3. Will they feel welcome? Meeting those unique needs will go a long way toward making your audience feel welcome. There is much to learn from the hospitality industry here about anticipating needs and providing for them in a seamless way. Disney, of course, is the master at this. If you’re unsure how welcome someone might feel, take a journey through your experience (if possible, invite an audience representative to join you) from beginning to end with that audience in mind with the list of needs in-hand. Are those needs met? Where and how? And how will the audience know?
4. Will they see themselves in your organization? This is a vital question and one that takes longer to execute. Really what you have to ask yourself is: does the diversity of your staff and your offerings reflect your audience? At the Brooklyn Museum, this means we have a diverse staff in all levels of employment and a collection that reflects the diversity of Brooklyn both in artists and subject matter.

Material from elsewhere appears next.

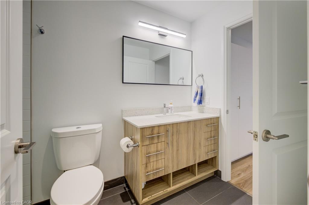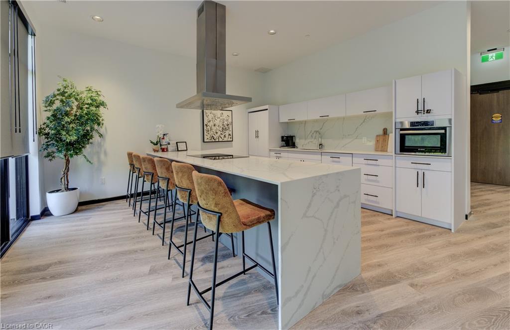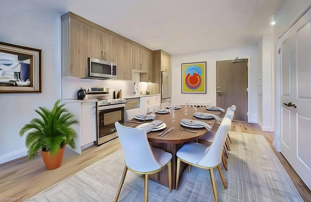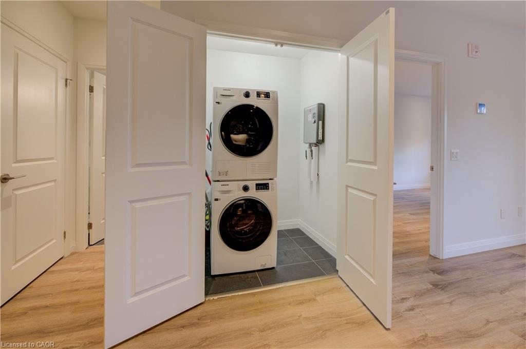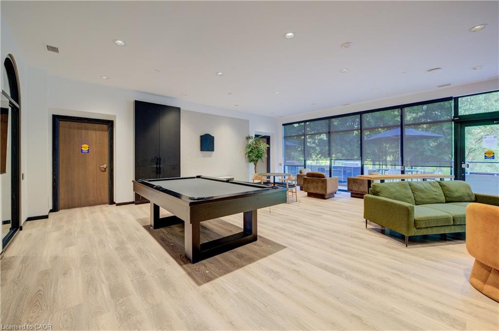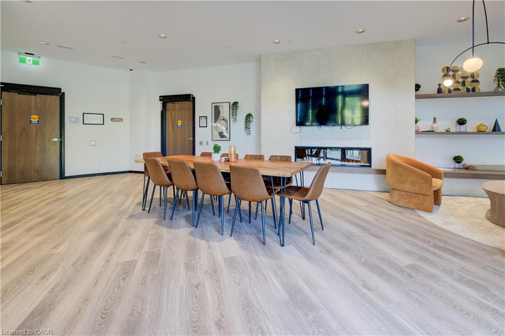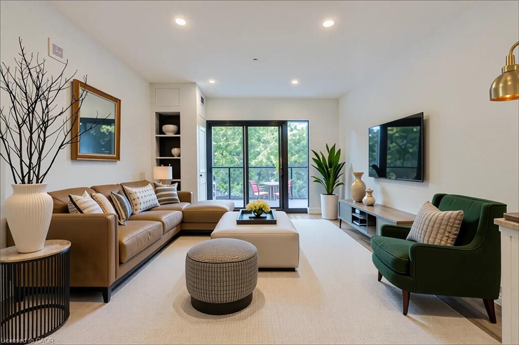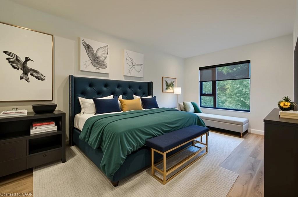 Welcome to this stunning 1-bedroom, 1-bathroom condo offering 679 sq ft of stylish living space, plus a serene outdoor balcony overlooking trees and scenic walking paths. Located just minutes from Highway 401, this beautifully maintained unit features an open-concept layout with a modern kitchen, dining area, and living room perfect for entertaining or relaxing. The generously sized bedroom is complemented by a sleek 3-piece bathroom and convenient in-unit private laundry. Enjoy the exceptional amenities this well-managed building has to offer, including a welcoming lobby lounge, elevator access, a fully equipped gym, yoga room, sauna, library, pet wash station and multiple party rooms with kitchen, TV, pool table, and direct access to a patio with BBQs. Situated beside picturesque Rainbow Lake, you’ll enjoy easy access to the waterfront via the scenic trails right outside your door. This unit includes a private parking spot. Don’t miss out, call your REALTOR today to book a private showing! Photos show unit Digitally Staged.

5. Will they find relevance? AKA So, what? This is the most important question of all because you can do everything else right, but if no one wants what you’re offering, it’s moot. The key here is finding the overlap between who you are and what your audience wants/needs. In order to do this, you have to have a strong institutional mission and vision (i.e identity) and spend the time and effort to get to know your audience (current and aspirational). There is a school of thought that put emphasis on learning about your competitor’s offerings as well.
I encourage you to answer these questions for yourself, in your own capacity within your organization and for your own projects. Since change can come from anywhere, start where you have guaranteed impact: yourself!